# Arborist Lingo



## BoesTreeService (Feb 21, 2006)

While perusing these forums, I do often stumble upon language I don't completely understand. Like all fields, arborists have a lot of words that are thier own. Is there perhaps a list somewhere of those terms and what they mean?


----------



## vharrison2 (Feb 21, 2006)

Terry, it might be easier if you would make a list of the words that are confusing to you. We could then define them. Having said that, another place to look is the ANSI standard A300, it has definitions of arboriculture.


----------



## TheTreeSpyder (Feb 21, 2006)

BoesTreeService said:


> While perusing these forums, I do often stumble upon language I don't completely understand. Like all fields, arborists have a lot of words that are thier own. Is there perhaps a list somewhere of those terms and what they mean?



He is yanking your DdRT from your TIP; the real truth is ya get a magic decoder ring after 50 posts.


----------



## Tree Planter (Feb 21, 2006)

dr.Shigo has a dictionary


----------



## PTS (Feb 21, 2006)

I think this is a great thread. I remember back to my first days on AS (arborist Site  )and wondering the very same things. Lots of short forms.


----------



## Redbull (Feb 21, 2006)

Yeah it took me forever to find out what the heck a PTS was!


----------



## BigJohn (Feb 22, 2006)

I got some. 

Hairy crotch... this a tight crotch with lots of included bark, very weak and considered hairy if lowering from its leads. 

Maybe I just had one anyone else?


----------



## ShoerFast (Feb 22, 2006)

BoesTreeService

As (is different then AS) I don't know much about the language, there are a few word you don't want to use in certain ways!

Like never ever use the words Bar, and Oil in a sentence that has a question mark at the end of it!

Just as you would never ask a question while using the words Two , Cycle and Mix, ran together in a question.

Or even mention that you run a Wild Thing, sort of like how it would sound better if you said you had a Wild Thing in your tool shed! Instead of have a Wild Thing in your tool shed,,,, get the picture?
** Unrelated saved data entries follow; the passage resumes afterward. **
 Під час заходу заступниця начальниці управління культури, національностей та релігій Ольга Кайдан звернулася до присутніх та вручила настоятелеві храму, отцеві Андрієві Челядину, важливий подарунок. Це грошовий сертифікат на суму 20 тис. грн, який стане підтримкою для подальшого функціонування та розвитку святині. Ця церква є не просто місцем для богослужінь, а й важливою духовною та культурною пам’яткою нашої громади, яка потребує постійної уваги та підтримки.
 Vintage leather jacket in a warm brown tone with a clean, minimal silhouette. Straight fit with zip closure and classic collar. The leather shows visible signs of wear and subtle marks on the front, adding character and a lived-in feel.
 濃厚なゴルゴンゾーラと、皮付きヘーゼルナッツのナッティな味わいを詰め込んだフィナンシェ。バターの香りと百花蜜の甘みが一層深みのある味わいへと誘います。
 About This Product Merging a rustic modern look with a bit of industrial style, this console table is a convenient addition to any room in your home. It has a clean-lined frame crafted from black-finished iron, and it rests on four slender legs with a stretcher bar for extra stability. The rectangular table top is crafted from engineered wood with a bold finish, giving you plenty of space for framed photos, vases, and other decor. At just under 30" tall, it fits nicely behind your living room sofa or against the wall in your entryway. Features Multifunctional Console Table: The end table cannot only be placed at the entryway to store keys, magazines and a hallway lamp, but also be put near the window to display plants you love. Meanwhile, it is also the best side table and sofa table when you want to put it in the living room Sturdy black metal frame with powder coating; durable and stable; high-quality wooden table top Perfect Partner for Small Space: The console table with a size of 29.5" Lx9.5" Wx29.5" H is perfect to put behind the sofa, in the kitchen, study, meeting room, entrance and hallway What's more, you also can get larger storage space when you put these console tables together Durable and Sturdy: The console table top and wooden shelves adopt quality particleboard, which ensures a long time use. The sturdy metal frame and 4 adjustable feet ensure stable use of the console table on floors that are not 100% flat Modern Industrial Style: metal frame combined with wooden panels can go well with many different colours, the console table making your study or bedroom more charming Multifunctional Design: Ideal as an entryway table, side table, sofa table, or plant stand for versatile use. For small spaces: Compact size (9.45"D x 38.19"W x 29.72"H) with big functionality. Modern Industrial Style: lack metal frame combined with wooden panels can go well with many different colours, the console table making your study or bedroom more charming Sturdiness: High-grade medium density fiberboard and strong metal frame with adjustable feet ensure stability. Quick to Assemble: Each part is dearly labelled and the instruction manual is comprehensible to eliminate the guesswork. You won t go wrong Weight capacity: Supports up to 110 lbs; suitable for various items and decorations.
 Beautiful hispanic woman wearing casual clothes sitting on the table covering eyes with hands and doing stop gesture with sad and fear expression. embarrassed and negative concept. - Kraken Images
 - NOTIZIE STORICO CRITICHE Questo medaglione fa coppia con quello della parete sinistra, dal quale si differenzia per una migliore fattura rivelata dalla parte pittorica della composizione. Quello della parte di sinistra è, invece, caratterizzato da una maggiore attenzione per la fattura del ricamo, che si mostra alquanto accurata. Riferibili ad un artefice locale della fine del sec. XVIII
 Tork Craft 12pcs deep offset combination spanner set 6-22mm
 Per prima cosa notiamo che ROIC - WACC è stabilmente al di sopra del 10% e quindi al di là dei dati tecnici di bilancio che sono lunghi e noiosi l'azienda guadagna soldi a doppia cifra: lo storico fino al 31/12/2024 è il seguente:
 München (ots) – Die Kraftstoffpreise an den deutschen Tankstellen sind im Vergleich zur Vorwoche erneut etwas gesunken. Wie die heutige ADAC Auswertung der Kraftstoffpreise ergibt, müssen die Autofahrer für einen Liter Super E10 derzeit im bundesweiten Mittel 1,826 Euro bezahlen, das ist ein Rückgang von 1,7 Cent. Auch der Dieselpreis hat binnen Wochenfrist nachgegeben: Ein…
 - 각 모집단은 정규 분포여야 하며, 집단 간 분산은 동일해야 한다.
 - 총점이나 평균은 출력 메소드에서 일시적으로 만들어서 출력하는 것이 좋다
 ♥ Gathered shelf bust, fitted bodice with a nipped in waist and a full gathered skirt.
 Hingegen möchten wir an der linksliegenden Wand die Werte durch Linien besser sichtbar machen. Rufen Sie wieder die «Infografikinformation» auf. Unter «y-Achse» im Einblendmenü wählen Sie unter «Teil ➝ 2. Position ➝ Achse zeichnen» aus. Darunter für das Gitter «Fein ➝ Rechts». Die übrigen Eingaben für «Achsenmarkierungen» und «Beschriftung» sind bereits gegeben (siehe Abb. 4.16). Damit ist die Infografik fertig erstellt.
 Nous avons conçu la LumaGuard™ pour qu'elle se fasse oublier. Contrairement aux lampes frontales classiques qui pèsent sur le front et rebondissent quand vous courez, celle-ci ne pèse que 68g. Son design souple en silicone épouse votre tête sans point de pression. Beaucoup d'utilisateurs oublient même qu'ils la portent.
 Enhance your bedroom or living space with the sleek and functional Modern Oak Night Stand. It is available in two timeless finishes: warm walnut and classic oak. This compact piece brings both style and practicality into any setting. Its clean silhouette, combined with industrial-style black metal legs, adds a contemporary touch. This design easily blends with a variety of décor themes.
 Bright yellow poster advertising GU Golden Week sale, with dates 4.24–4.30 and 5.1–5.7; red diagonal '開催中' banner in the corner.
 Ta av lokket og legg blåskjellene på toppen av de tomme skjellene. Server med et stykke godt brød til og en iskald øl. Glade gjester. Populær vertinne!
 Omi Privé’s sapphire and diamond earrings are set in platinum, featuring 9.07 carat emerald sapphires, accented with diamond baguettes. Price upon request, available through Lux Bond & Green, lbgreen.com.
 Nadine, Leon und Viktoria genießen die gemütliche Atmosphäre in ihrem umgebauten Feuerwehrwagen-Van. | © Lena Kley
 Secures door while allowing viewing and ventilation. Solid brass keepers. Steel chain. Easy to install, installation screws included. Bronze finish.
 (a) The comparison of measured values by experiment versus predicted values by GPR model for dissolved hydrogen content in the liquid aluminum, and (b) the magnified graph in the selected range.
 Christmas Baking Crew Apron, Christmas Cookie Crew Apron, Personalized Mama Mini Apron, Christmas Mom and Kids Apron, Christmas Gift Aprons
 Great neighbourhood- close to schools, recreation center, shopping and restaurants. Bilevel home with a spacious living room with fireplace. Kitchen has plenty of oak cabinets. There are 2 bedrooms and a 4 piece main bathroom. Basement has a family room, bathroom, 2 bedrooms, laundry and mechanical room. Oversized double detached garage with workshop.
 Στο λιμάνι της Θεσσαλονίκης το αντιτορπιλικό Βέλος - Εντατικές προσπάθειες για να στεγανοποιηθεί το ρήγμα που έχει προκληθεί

That is with out saying, you can use words like Wild and Thing in a sentance. But there better if there lined up something like this,,,,,

"Sure was a wild thing , after the bar, when I got some oil on er!"

Sort of like running the words Chipper and Chain together, unless your talking about something dirty.

Hope this is of a little help? AS is a tuff bunch, but you can learn a lot, and about the most that will happen if you run the wrong words together is someone will tell you to use the "search" button,,, I had never found it, but expect it's something like spell check or something?

Enjoy

Kevin


----------